You see, only the .zip file is present here - as it is - unpacked.

If you look carefully on the output of your building you can see this message:
Sending build context to Docker daemon 9.728kB

This is where ALL your files from the build context (in your case /data/docker/test with everything inside) is transferred to the docker daemon.

Now, don’t change your docker file, but add into anywhere inside /data/docker/test 10 another zip files with size 2Gb each, and re-run the build, and see what will happen to “Sending build context to Docker daemon”.

Oh now I get you …

Currently this “effect” is by design → Docker docs: Build with PATH

BUT … I just stumbled over some stackoverfolw post that might solve the issue → build context for docker image very large - Stack Overflow

I’ve tried it myself:

export DOCKER_BUILDKIT=1
docker build -t test:0.3 .
[+] Building 0.5s (8/8) FINISHED
=> [internal] load build definition from Dockerfile 0.0s
=> => transferring dockerfile: 145B 0.0s
=> [internal] load .dockerignore 0.0s
=> => transferring context: 2B 0.0s
=> [internal] load metadata for Docker 0.0s
=> CACHED [1/3] FROM Docker 0.0s
=> [2/3] RUN mkdir /var/testdir 0.4s
=> [internal] load build context 0.0s
=> => transferring context: 622B 0.0s
=> [3/3] COPY testdir/dir3/myZipfile.zip /var/testdir 0.0s
=> exporting to image 0.0s
=> => exporting layers 0.0s
=> => writing image sha256:a69f603d533eda88b2969a36022d9249f94d5bf61dd39d5260fbda30d3e381ef 0.0s
=> => naming to Docker

… works !

root@deimos:/data/docker/test# docker images
REPOSITORY TAG IMAGE ID CREATED SIZE
test 0.3 a69f603d533e 14 seconds ago 73.9MB

Looks like you gave me two working solutions!
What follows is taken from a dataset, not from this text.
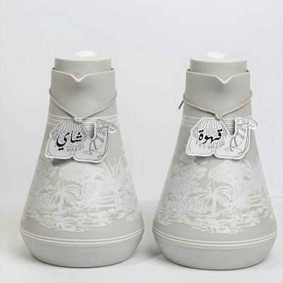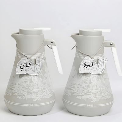 طقم مطارات مصنوعة من البلاستيك باللون الرمادي مع طبعة .الجدار مبطن بزجاج مزدوج لحفظ الحرارة لمدة 8 ساعة مع كبسة ضغط في الاعلى .
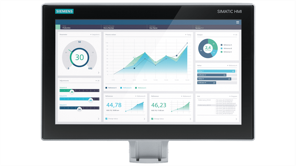 Pannello HMI Siemens, SIMATIC, 15,6 pollici, display TFT widescreen, risoluzione 1366 x 768 pixel, interfaccia PROFINET, configurabile con WinCC Unified Comfort V18, software open-source fornito gratuitamente, piede d'appoggio espandibile con flangia in basso, codice produttore 6AV2128-3QB27-1BX0.

I knew about .dockerignore, but after your message I realized I could potentially build dockerignore on fly, which would contain just two lines - ignore everything from bin/ except the binary I need, something like
bin/*
!bin/TheBinaryINeedForThisImage.zip

I also read that link earlier and already tested DOCKER_BUILDKIT=1, but didn’t test it correctly, because I saw it still transfer the context on early stage, but it actually analyzes the docker file and transfers only what is used in COPY commands. So, this is a working solution, exactly what I need.

Thank you bro, great job!

Glad I could help :slight_smile: